Holographic laser fabrication of 3D artificial compound μ-eyes

Abstract

The demand for fast optical image acquisition without movable optical elements (e.g., for self-driving car technology) can be met using bioinspired 3D compound eyes. 3D laser processing strategies enable designable 3D structuring but suffer from low fabrication efficiency, which significantly limits their applications in producing complex 3D optical devices. Herein, we demonstrate a versatile yet simple wet-etching-assisted holographic laser fabrication method for the development of 3D compound eyes. Artificial compound μ eyes can be readily fabricated by programming a 3D spot array for the parallel ablation of a curved fused silica surface, followed by controllable etching in a hydrofluoric (HF) acid solution.

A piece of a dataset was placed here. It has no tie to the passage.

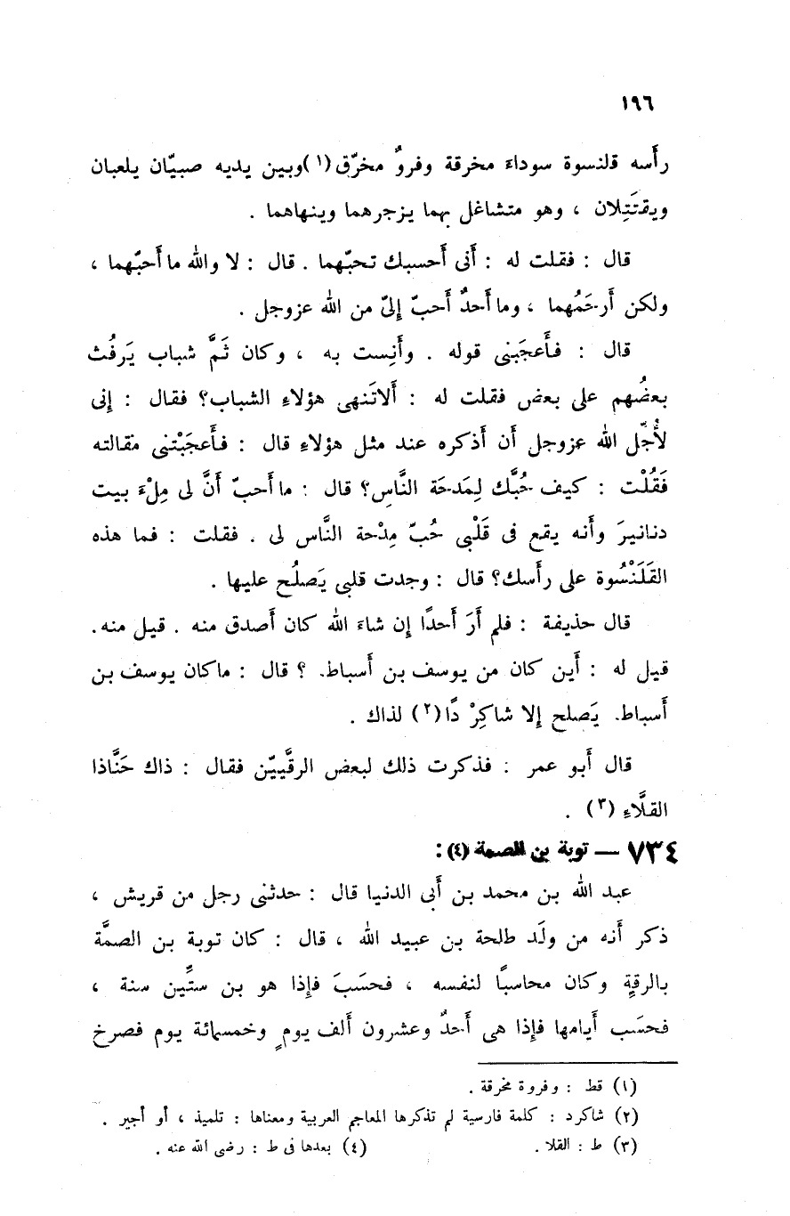 عبد الله بن محمد بن أبي الدنيا قال حدثني رجل من قريش ذكر أنه من ولد طلحة بن عبيد الله قال كان توبة بن الصمة بالرقة و كان محاسبا لنفسه فحسب فإذا هو بن ستين سنة فحسب أيامها فإذا هي أحد و عشرون ألف يوم و خمسمائة يوم فصرخ

A 3D-concave-lens array made on a curved surface over an area of 100 μ m cross-section with each lenslet of 10 μ m radius was fabricated with high fidelity and excellent imaging/focusing quality. The resultant 3D-concave-lens can serve as a hard template for the mass production of soft compound eyes through soft lithography. Additionally, using a generative adversarial network (GAN)-based deep learning algorithm, image restoration was conducted for each lenslet, which retained a large field of view and significantly improved image quality. This method provides a simple solution to the requirements of compound μ -eyes required by Industry 4.0.